Merchant Marine Act of 1916
- Other short titles: Alexander Act; Shipping Act of 1916
- Long title: An Act To establish a United States Shipping Board for the purpose of encouraging, developing, and creating a naval auxiliary and naval reserve and a merchant marine to meet the requirements of the commerce of the United States with its Territories and possessions and with foreign countries; to regulate carriers by water engaged in the foreign and interstate commerce of the United States; and for other purposes
- Enacted by: the 64th United States Congress
- Effective: September 7, 1916

Citations
- Public law: Public Law 64-260
- Statutes at Large: 39 Stat. 728

Legislative history
- Introduced in the House of Representatives as H.R. 15455 by Joshua W. Alexander (D‑MO) on May 8, 1916; Committee consideration by House Committee on Merchant Marine and Fisheries; Passed the House of Representatives on May 20, 1916 (211–161); Passed the Senate on August 18, 1916 (38–21); Reported by the joint conference committee on August 19 – August 29, 1916; agreed to by the House of Representatives on August 30, 1916 (Voice vote) and by the Senate on August 31, 1916 (Voice vote); Signed into law by President Woodrow Wilson on September 7, 1916;

Major amendments
- Merchant Marine Act of 1920 (Jones Act)

United States Supreme Court cases
- Federal Maritime Board v. Isbrandtsen Co. (1958)

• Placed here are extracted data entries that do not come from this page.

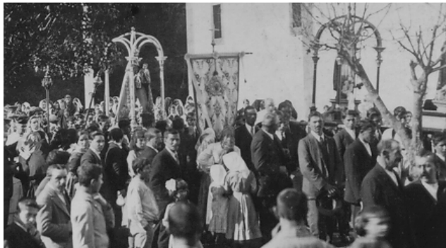
Procesión de San Martiño - Bueu

Tras esta doazón, un período de obscuridade histórica cíñese sobre o noso pobo, despezándose no s. XIII co recoñecemento da existencia da ferigresía de S. Martiño de Bueu. Acontecía o ano 1246, cumprindo agora exactamente setecentos cincuenta anos. A partir deste dato as múltiples testemuñas repítese unha e outra vez no mesmo sentido, confirmando a documentación anterior.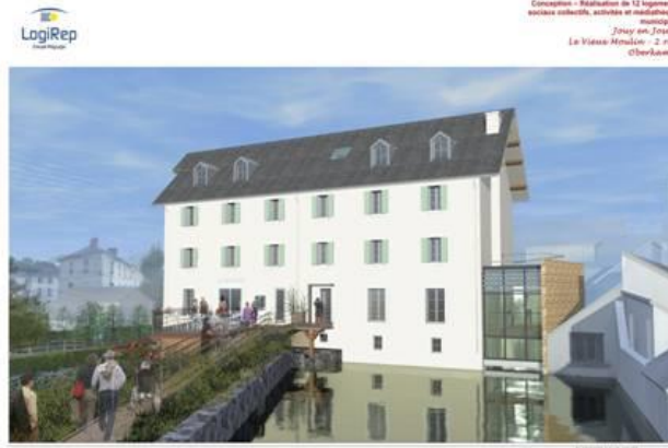
Conception - Réhabilitation de 12 logements sociaux collectifs, actuels et modernes municipaux Zouy en Josas Le Vieux Moulin - 2 rue d'Herkenepf

LogiRep 10 rue de la République 91000 Evry-Courcouronnes Tél : 01 39 39 39 39 www.logirep.com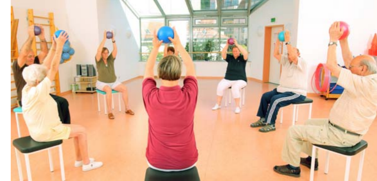
Gruppentherapie im Celenus Fachklinikum Sachsenhof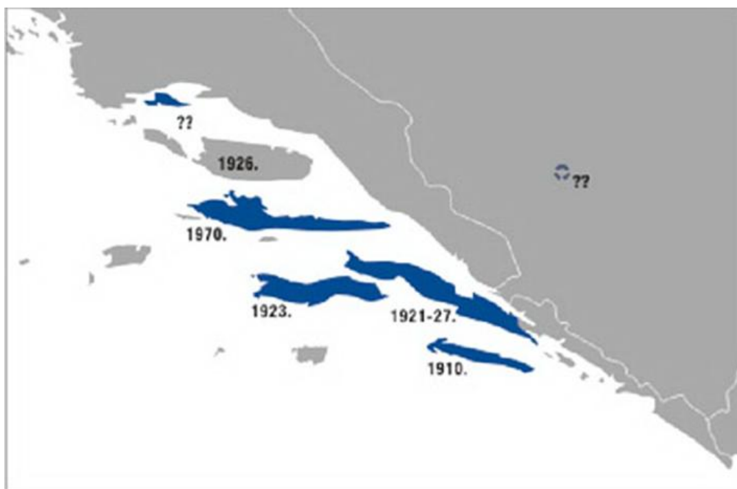
Slika 4. Širenje mungosa na jadranskim otocima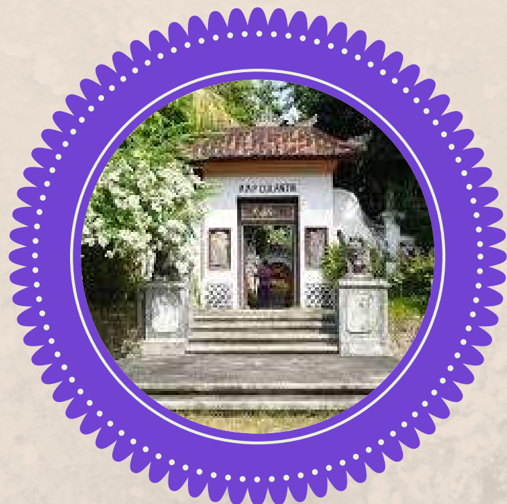
5. PURI AGUNG BULELENG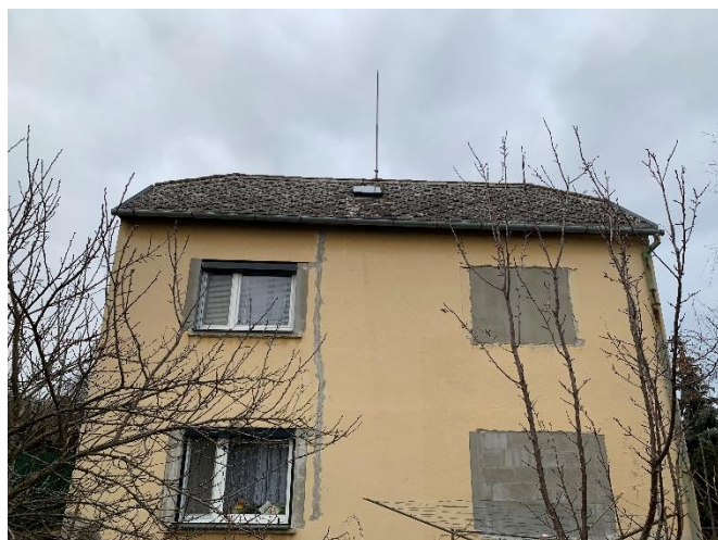
Obrázek 2 Jižní pohled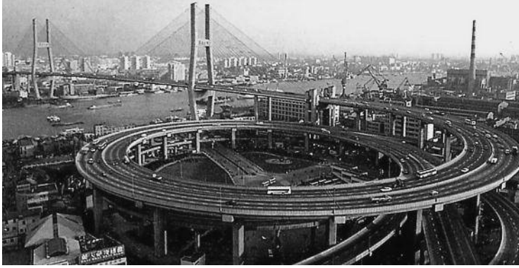
Hình 9. Cầu Nam Phố ở Thượng Hải

Năm 1964, Trung Quốc thử thành công bom nguyên tử. Chương trình thám hiểm không gian được thực hiện từ năm 1992. Từ tháng 11 – 1999 đến tháng 3 – 2003, Trung Quốc đã phóng 4 con tàu “Thần Châu” với chế độ tự động, và ngày 15 – 10 – 2003, con tàu “Thần Châu 5” cùng nhà du hành vũ trụ Dương Lợi Vĩ đã bay vào không gian vũ trụ. Sự kiện này đưa Trung Quốc trở thành quốc gia thứ ba trên thế giới (sau Nga, Mĩ) có tàu cùng với con người bay vào vũ trụ.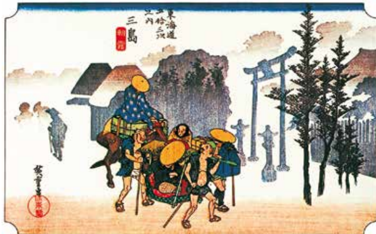
広重版画より 三島 朝霧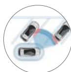
LEGGJA Í STÆÐI HJÁLP VALBÚNAÐUR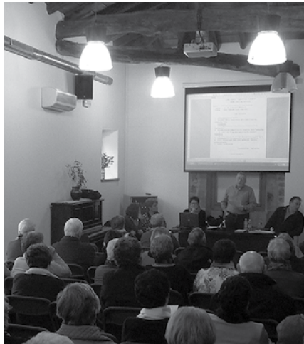
Batzar Nagusia Artzabalen egingo da arratsaldeko 16:30ean.

Urteko batzarra egin ostean, bazkideen arteko txapelketetan lehiatzeko aukera izango dute Gure Pakea Elkarteko bazkideek. Ekimenotan parte hartu nahi dutenek, otsailaren 6ra arteko epea dute izen emateko.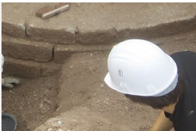
Une expertise archéologique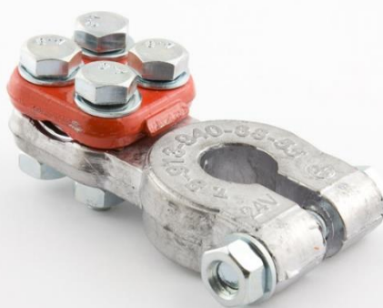
КЛЕММА ГРУЗОВАЯ БОЛЬШАЯ EURO Type 1 Крепление провода под прижимную планку.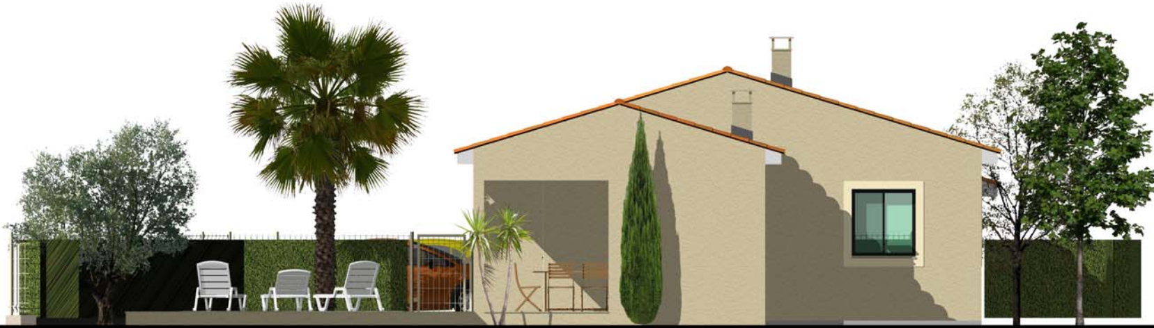
Façade Nord Est

34230 Saint Pons de Mauchiens GSM : 06 17 98 09 08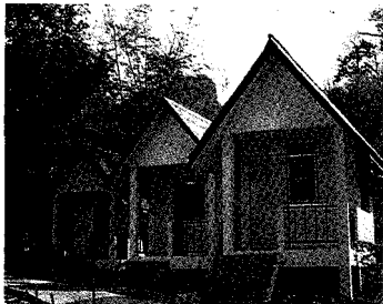
태국 에이즈 환자 요양소의 거처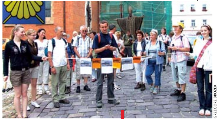
5 lipca odbyło się pierwsze przejście szlakiem św. Jakuba z Tarnowa do Tuchowa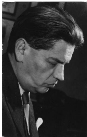
Ungár Imre (1909–1972)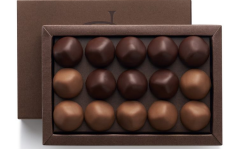
CROQUANTS PRALINÉS 130g 22,75€ HT DLC : 1 mois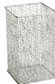
Küchenzubehör Einsatz Masse: 150/150 mm - aus CNS Best.-Nr. 712017 CHF 89.- / R 3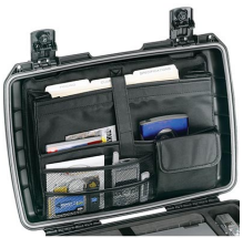
iM2370-UTILITYORG Pochette utilitaire

= Merchant Marine Act of 1916 (Alexander Act) =

The Merchant Marine Act of 1916 (also known as the Alexander Act) was passed by the US Congress in 1916 to create the US Shipping Board. The bill was sponsored by Representative Joshua W. Alexander (D) of Missouri, who was Chairman of the House Merchant Marine Committee. The act signified the birth of the modern American merchant marine.

==Purpose==
The purpose of the United States Shipping Board was to develop water transportation, operate the merchant ships owned by the government, regulate the water carriers engaged in commerce under the US flag, and enforce the La Follette Seamen's Act regulations and national defense.

The board consisted of five members and was empowered to
1. form one or more corporations for the purchase, leasing, and operation of merchant vessels with a maximum capital of $50 million,
2. to acquire vessels suitable for naval auxiliaries,
3. to regulate commerce on the Great Lakes and the high seas, including the fixing of rates,
4. to cancel or modify any agreement among carriers that were found to be unfair as between carriers and exporters, or which operated to the detriment of United States commerce, and
5. to sanction pooling agreements among shippers which were exempted from the operations of the Sherman Act.

==Passage and amendment==
The dispersing of the $50 million was to be overseen by the Emergency Fleet Corporation (EFC). Senate Democrats managed to get the bill amended prior to its passage to forbid the US from purchasing ships from belligerent powers, "tremendously emasculating" the act according to US Treasury Secretary William Gibbs McAdoo. Despite such criticism by hardliners, the Act signified the birth of the modern US merchant marine.

==US Shipping Board==
During the war, the Shipping Board was headed by Edward N. Hurley, and the EFC passed to the direction of the Bethlehem Steel magnate Charles Schwab. The bill also stipulated that the shipping lines that were owned and operated by the Shipping Board should go out of business five years after the end of the European war and that all the Board's property, except vessels designed primarily as naval auxiliaries, should then be sold. Many of the ships commissioned during the war were never completed, and many of the ships that were fully completed were destroyed or auctioned off in the early 1920s.

As of June 18, 1984, the duties of the US Shipping Board were reduced, and they now apply only to domestic offshore ocean transport.